▶ _WORK INSTRUCTION_
Your answer should hold exactly the lines below from the line with "of up to 15 W" through the line with "코튼 100% 20수의", both included, and no pictures at all.

▶ _RECORDS PROVIDED_

•••••

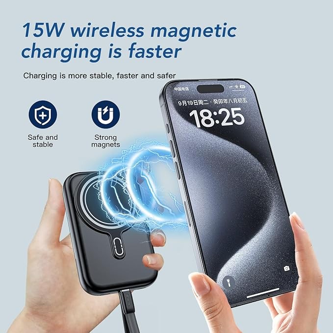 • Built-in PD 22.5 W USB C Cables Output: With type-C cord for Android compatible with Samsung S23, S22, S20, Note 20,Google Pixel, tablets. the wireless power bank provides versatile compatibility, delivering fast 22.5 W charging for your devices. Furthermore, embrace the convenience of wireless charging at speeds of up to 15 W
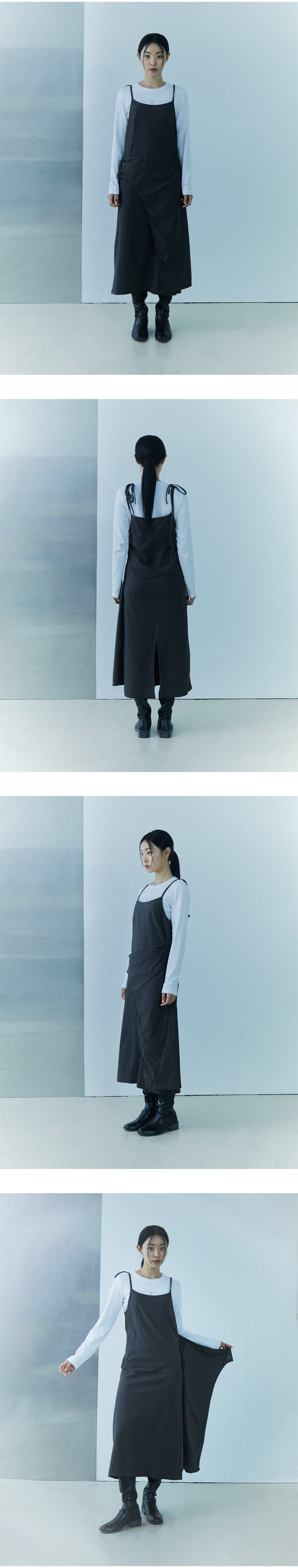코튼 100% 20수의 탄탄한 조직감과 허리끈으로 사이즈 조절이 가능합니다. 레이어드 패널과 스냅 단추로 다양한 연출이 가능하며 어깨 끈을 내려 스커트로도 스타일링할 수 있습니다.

•••••

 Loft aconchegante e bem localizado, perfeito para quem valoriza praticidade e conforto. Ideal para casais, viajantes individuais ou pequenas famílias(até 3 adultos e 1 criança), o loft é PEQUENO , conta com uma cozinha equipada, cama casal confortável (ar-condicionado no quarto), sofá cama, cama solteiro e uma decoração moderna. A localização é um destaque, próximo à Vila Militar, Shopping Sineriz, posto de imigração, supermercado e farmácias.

•••••

▶ _RESULT OF THE TASK_
 • Built-in PD 22.5 W USB C Cables Output: With type-C cord for Android compatible with Samsung S23, S22, S20, Note 20,Google Pixel, tablets. the wireless power bank provides versatile compatibility, delivering fast 22.5 W charging for your devices. Furthermore, embrace the convenience of wireless charging at speeds of up to 15 W
코튼 100% 20수의 탄탄한 조직감과 허리끈으로 사이즈 조절이 가능합니다. 레이어드 패널과 스냅 단추로 다양한 연출이 가능하며 어깨 끈을 내려 스커트로도 스타일링할 수 있습니다.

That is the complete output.